Some folks make digiscoping adapters more of a mystery than they really are. Here’s a few tips.
First, digiscoping adapters have no optics or optical function. Their one and only function is to place a camera over an eyepiece of a spotting scope to take a picture. Period. In the early days of digiscoping, some folks actually just duct taped cameras to the eyepiece or fabricated their own adapters from cardboard tubes. Today, with the advent of image stabilized digital point and shoot cameras, many digiscopers, myself included, actually just handhold the camera over the eyepiece and dispense with the adapter, altogether. Makes life much simpler out in the field. My overall approach to digiscoping is to keep it simple.
Second, despite what spotting scope manufacturers would have you believe, you can do just as well with universal digiscoping adapters. You do not have to buy the same brand of digiscoping adapter as your eyepiece.
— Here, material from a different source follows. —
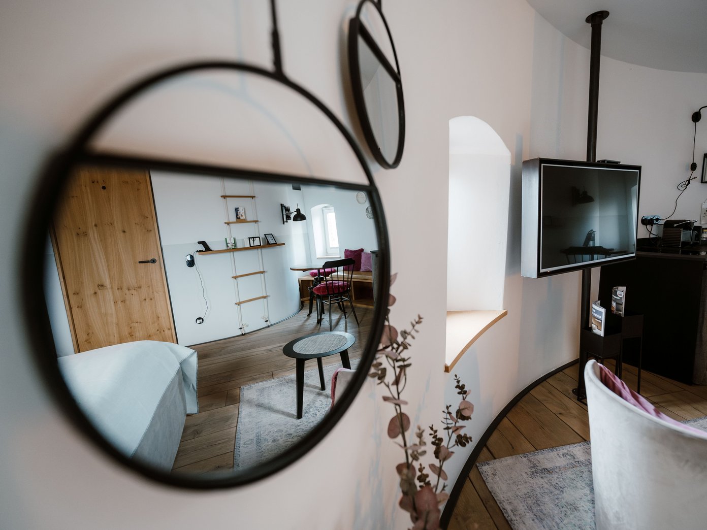 Auf der vierten Ebene fühlt sich der Wasserturm noch einmal anders an. Die besondere Architektur, das runde Raumgefühl und der Blick nach draußen schaffen eine Atmosphäre, die leicht, ruhig und zugleich außergewöhnlich wirkt. Hier wird aus einer Übernachtung ein kleines Erlebnis – mit dem Gefühl, dem Alltag ein Stück weiter entrückt zu sein.

Again, the only function of an adapter is to hold the camera over the eyepiece. Doesn’t matter what name is on the adapter, as long as the adapter fits and, these days, there are very few scope and camera combinations that a universal digiscoping adapter cannot manage.
Third, universal adapters circumvent the problem of having to find a digital point and shoot with filter threads and then finding a threaded adapter with the right thread size. You don’t need a camera with filter threads with a universal adapter. This is especially important, these days, since the overwhelming majority of digital point and shoots on the market don’t have filter threads.
Lastly, I like universal rail adapters, such as the Alpen 706 or similar, rather than universal bracket style adapters, which clamp onto the scope, near the eyepiece. Bracket style adapters have a tendency to interfere with the zoom ring on the eyepiece and may have clearance and balance problems when using large or heavy cameras.